WHAT IS BEING ASKED.
Going through the material below, output exactly the lines from the one containing "Lampu Bohlam LED" through the one containing "1.通过1-碘辛烷合成2-甲基癸烷,收率约78%;", and no pictures.

TASK INPUTS.
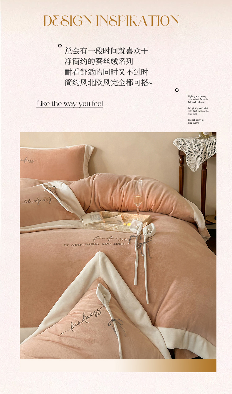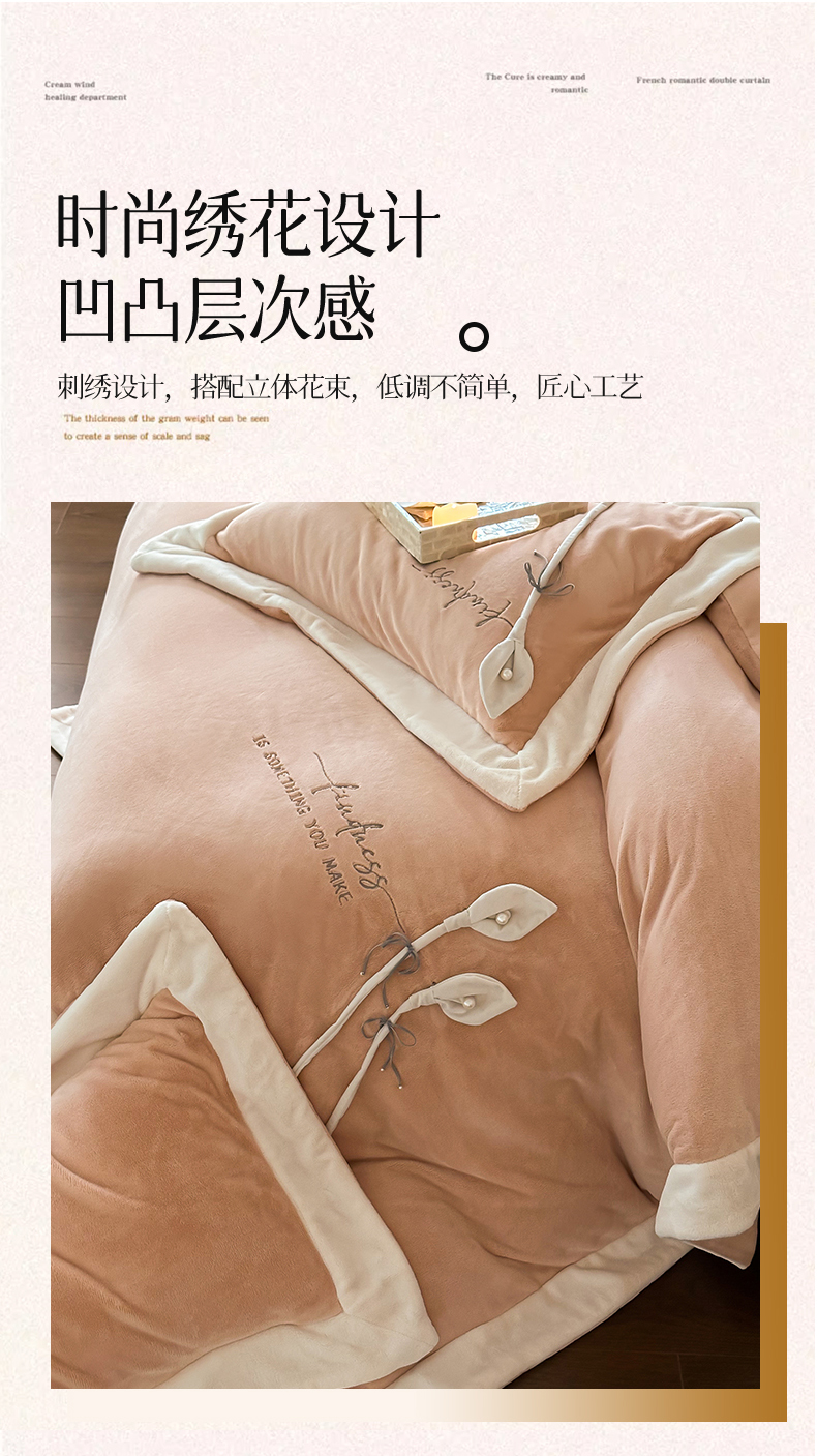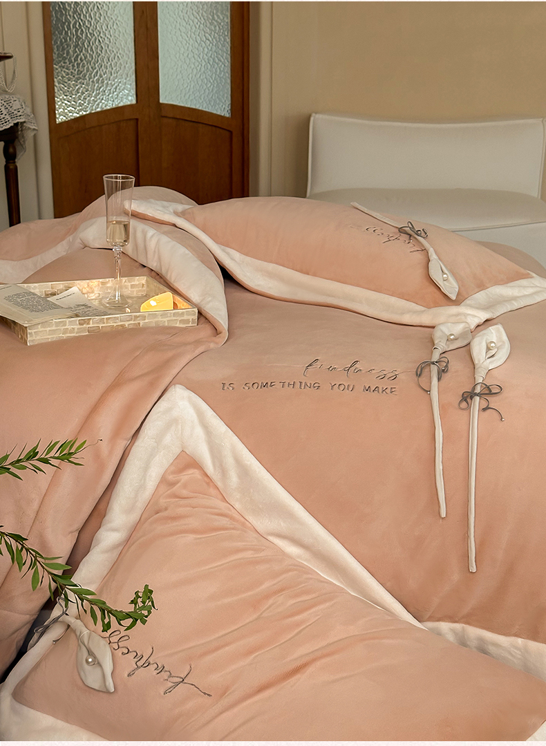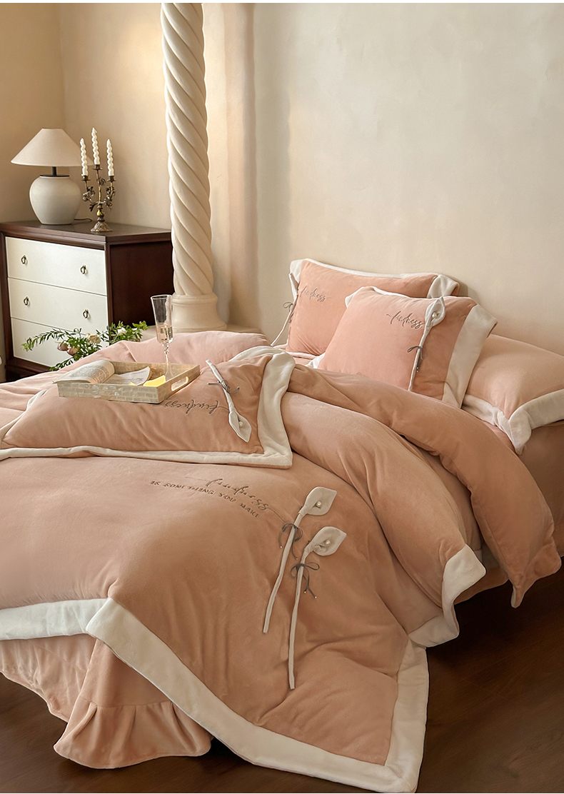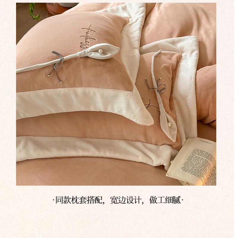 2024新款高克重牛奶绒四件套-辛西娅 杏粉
---
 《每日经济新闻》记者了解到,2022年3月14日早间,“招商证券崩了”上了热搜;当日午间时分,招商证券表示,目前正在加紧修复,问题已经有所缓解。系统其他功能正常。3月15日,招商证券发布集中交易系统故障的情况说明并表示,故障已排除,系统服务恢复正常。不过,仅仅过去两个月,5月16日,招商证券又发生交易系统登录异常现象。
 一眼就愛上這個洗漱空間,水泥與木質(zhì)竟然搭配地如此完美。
* * *
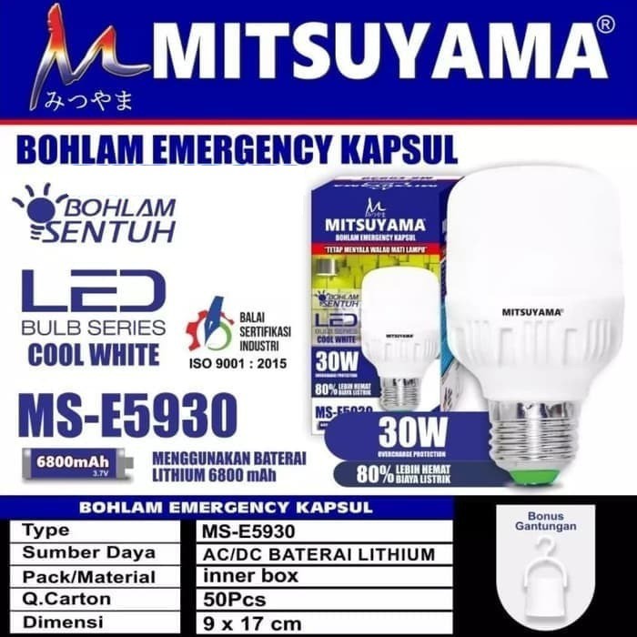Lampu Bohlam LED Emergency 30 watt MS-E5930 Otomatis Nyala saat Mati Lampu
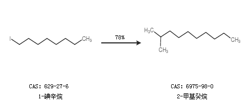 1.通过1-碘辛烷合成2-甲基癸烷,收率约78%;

RESULT OF THIS EXERCISE.
Lampu Bohlam LED Emergency 30 watt MS-E5930 Otomatis Nyala saat Mati Lampu
 1.通过1-碘辛烷合成2-甲基癸烷,收率约78%;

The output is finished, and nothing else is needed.